5 Famous Cases of Grave Robbing
5 The Failed Plot to Steal Lincoln’s Body
Abraham Lincoln’s body was not interred in its final resting place for more than a decade after his assassination in April of 1865. During the construction of his vault at the Oak Ridge Cemetery in Springfield, IL, a group of criminals hatched and almost pulled off a plan to snatch the president’s body and use it for ransom. A minor crime boss out of Chicago, James “Big Jim” Kennally, deigned to use the great emancipator’s corpse as leverage to get his chief counterfeiter out of prison, and to demand $200k (millions in today’s money) from the government. When his henchman broke into the vault and began to muscle the heavy lead coffin out of the sarcophagus within, they were accosted by Secret Service agents who had informers within the gang the whole time.
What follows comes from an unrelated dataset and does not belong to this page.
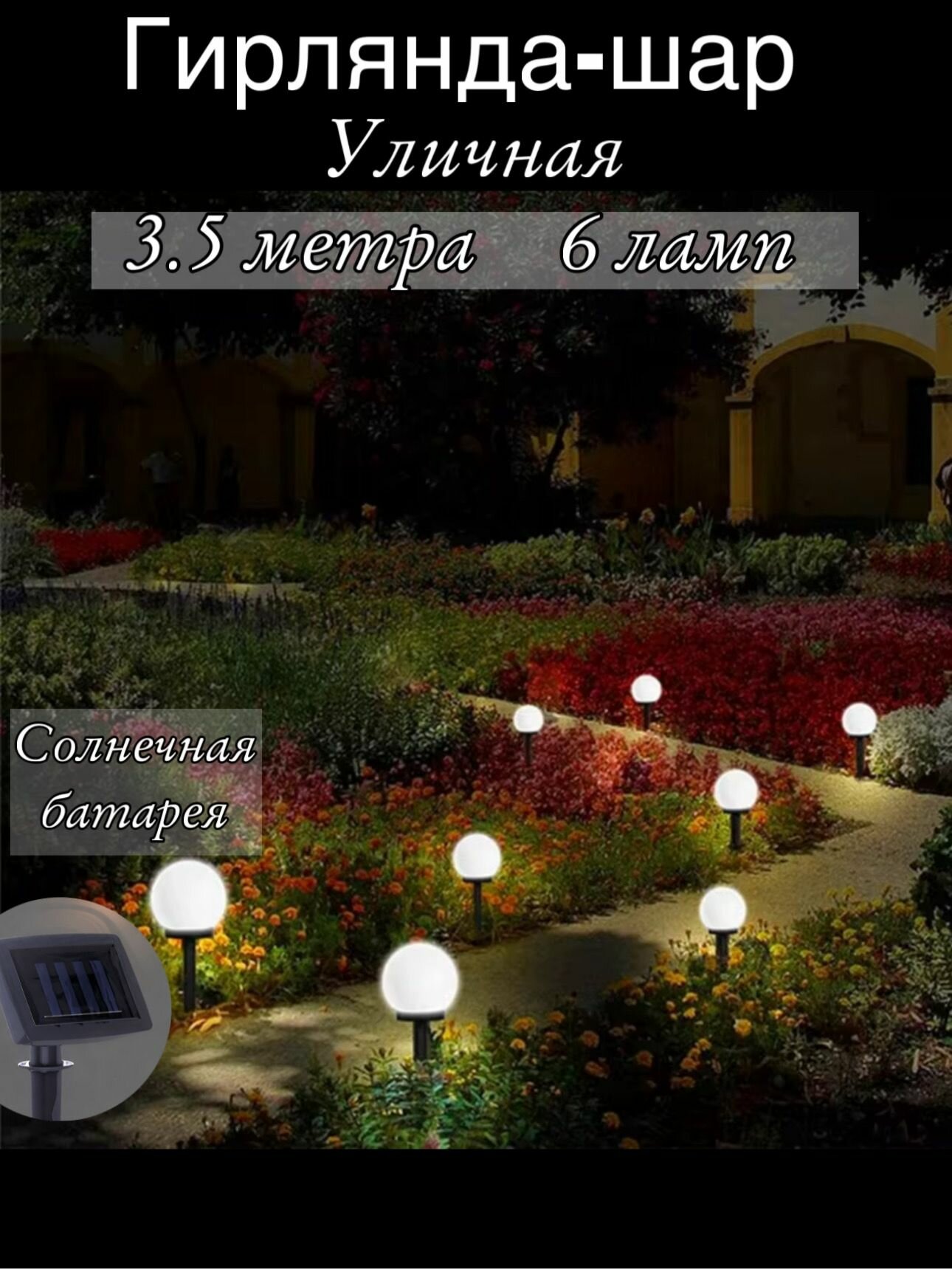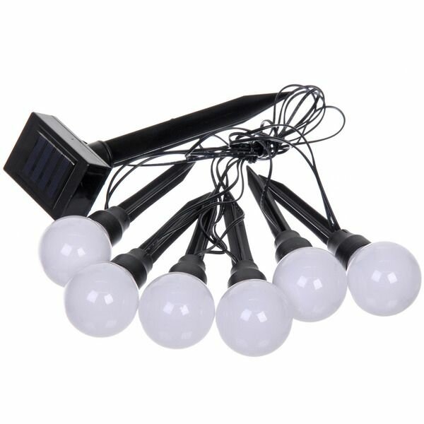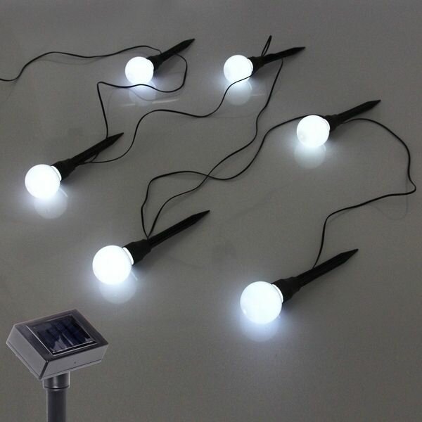 Гирлянда для улицы "Светящийся шар" 3,5 м 6 ламп LED (d-5) чёрн. пров, 1 реж, IP-54, белый (солнечная батарея) интересное:

4 The Real Life Tomb Raiders
Robbers have been raiding Ancient Egyptian tombs for as long as the tombs have existed. What today we consider archaeological sites (or the basis for middling films and/or video game franchises) were seen by contemporary opportunists as treasure troves to be plundered. The tombs of pharaohs buried in the sacred Valley of the Kings were routinely broken into thousands of years before 19th century. One set of robbers even used dynamite and blasted their way into the tomb of King Cheops, buried in the Great Pyramid at Giza, though that remains the most dramatic example of tomb raiding. In fact, King Tutankhamen was a relatively unimportant pharaoh—the fame that surrounds Tut and his tomb is largely due to the fact that it was found undisturbed.
3 Charlie Chaplin Gets Nabbed
Famed for his silent film-era on-screen antics, Charlie Chaplin lived well into the era of the talking picture. In fact, he died at the ripe old age of 88 in 1977. And in early 1978, a pair of less-than-brilliant burglars decided to try to make some cash of Charlie’s body. They exhumed the actor’s body and hid it away, contacting Chaplin’s widow, Oona Lady Chaplin, and demanding upwards of one million dollars in cash. But Lady said no, declaring that her husband would have found such a payment for a body “rather ridiculous.” The grave robbers were at a loss until they got in contact with the police, who lured the thieves into a plot that soon saw them caught in a phone booth.
2 A Prolific Thief Steals a Mouthful
No, we’re not being clever: a Slovakian man named Ondrej Jajcaj is allegedly a thief of teeth. And not just any teeth, he prefers the choppers of famous composers, thus his orally-oriented plundering of the graves of Johann Strauss and Johannes Brahms. Jajcaj claims to have robbed many more famous corpses of their teeth as well, all as part of a plan to set up a strange museum. Why, you ask? Because the guy is goddamned crazy, that’s why.
1 Napoleon’s Member Goes Missing
That’s right, someone stole Napoleon Bonaparte’s penis. There, the awkwardness is over. When the once-mighty emperor died in exile on the island of Corsica (potentially by poison) in 1821, his attending doctor performed an autopsy during which, for some strange reason, he cut off Napoleon’s little general. The doctor turned the penis over to a priest, who then took it with him when he left the island. Bonaparte’s part stayed in the priest’s family for more than a hundred years. It was eventually bought by an American collector who, fittingly enough, was a urologist by trade.